U.S. President Donald Trump presented his plan to address the opioid addiction crisis in New Hampshire, which included tightening sentencing laws for drug traffickers and pursuing the death penalty for dealers.
Speaking with reporters during a meeting in the Oval Office last Thursday, Trump called the opioid crisis a “national health emergency,” and called upon Americans to “liberate [their] communities from the scourge of drug addiction.”
“The Department of Justice will seek the death penalty against drug traffickers when it’s appropriate under current law,” said Andrew Bremberg, director of Trump’s Domestic Policy Council.
White House officials are also hoping to cut opioid prescriptions by one third by 2021.
In a memo sent out on March 20th from the Attorney General, Jeff Sessions, followed up on the president’s statements asking the federal prosecutors to pursue the death penalty in those drug trafficking cases which are “dealing with extremely large quantities of drugs”. The memo goes on to highlight the extreme issue going on with the opioid crisis right now in the United states stating:
“The opioid epidemic has inflicted an unprecedented toll of addiction, suffering and death on communities throughout our nation. Drug overdoses, including overdoses caused by the lethal substance fentanyl and its analogues, killed more than 64,000 Americans in 2016 and now rank as the leading cause of death for Americans under 50. In the face of all of this death, we cannot continue with business as usual.”
It is possible for the federal prosecutors to do this under a law that was signed under President Bill Clinton in 1994 when the country was undergoing a crime increase due in part to crack cocaine proliferation.

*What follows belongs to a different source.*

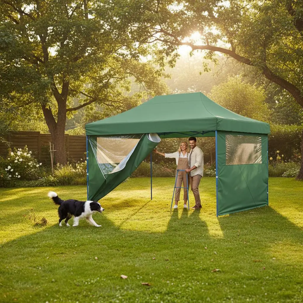 Opvouwbare feesttent met 3 zijwanden, groen, ideaal voor evenementen, festivals en feesten.

However some do not think this is headed in the right direction. Mark Kleiman, a drug and policy expert at the Marron Institute at New York University has stated;
“We did the experiment. In 1980, we had about 15,000 people behind bars for drug dealing. And now we have about 450,000 people behind bars for drug dealing. And the prices of all major drugs are down dramatically. So, if the question is do longer sentences lead to a higher drug price and therefore less drug consumption, the answer is no.”

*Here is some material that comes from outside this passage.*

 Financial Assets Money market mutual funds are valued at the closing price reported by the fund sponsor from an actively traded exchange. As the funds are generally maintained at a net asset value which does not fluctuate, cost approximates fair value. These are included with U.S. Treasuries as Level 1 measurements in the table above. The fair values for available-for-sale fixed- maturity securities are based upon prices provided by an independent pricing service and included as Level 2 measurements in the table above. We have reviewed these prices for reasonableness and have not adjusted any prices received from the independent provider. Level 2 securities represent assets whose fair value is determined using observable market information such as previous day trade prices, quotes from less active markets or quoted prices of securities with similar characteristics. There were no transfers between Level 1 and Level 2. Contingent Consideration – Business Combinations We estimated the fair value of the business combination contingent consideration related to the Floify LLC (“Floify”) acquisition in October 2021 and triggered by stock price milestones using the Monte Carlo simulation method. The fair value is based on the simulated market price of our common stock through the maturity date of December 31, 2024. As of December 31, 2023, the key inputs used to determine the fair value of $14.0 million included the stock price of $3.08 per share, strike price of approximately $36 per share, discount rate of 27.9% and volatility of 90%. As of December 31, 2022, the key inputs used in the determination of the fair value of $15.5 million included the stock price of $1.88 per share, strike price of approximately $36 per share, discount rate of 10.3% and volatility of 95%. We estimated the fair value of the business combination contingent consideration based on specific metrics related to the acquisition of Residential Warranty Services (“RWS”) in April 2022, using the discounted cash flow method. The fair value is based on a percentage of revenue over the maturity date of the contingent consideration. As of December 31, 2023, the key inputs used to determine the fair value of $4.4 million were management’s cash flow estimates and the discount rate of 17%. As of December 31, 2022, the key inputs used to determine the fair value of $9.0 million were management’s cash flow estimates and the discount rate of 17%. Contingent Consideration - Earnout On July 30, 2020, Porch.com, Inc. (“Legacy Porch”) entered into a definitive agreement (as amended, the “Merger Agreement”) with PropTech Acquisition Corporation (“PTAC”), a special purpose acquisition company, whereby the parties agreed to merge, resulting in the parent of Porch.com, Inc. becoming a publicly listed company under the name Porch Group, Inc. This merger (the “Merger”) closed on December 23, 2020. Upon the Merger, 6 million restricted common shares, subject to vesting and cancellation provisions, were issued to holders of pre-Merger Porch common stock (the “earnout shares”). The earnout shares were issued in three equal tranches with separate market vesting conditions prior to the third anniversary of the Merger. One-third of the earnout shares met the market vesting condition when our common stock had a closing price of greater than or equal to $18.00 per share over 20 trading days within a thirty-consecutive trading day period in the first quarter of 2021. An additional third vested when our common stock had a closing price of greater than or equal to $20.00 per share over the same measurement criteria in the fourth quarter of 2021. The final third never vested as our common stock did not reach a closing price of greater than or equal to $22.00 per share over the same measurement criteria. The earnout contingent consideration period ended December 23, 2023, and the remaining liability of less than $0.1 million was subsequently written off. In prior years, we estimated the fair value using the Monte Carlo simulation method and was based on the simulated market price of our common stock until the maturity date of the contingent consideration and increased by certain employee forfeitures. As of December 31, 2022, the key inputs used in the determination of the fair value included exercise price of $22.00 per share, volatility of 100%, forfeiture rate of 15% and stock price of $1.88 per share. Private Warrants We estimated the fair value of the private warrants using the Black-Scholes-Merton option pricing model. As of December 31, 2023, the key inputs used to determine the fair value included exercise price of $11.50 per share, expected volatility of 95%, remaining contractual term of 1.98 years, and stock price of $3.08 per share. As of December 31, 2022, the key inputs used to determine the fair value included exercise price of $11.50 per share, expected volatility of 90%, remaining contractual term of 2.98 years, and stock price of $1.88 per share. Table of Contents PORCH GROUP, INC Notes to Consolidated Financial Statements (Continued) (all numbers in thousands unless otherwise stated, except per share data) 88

In Canada, as well, the drug policy experts seem to lean towards less punitive policies and more responsible opioid prescribing, more treatment, more harm reduction and better systems to deal with mental health issues within the communities as the answer to solving the opioid crisis. It can be very difficult to differentiate between who is a trafficker or drug dealer and who is a user. In a 2017 Bureau of Justice statistics report it was found that “nearly a third of drug offenders (30 percent of state prisoners and 29 percent of jail inmates) said they committed the offence to get drugs or money for drugs”.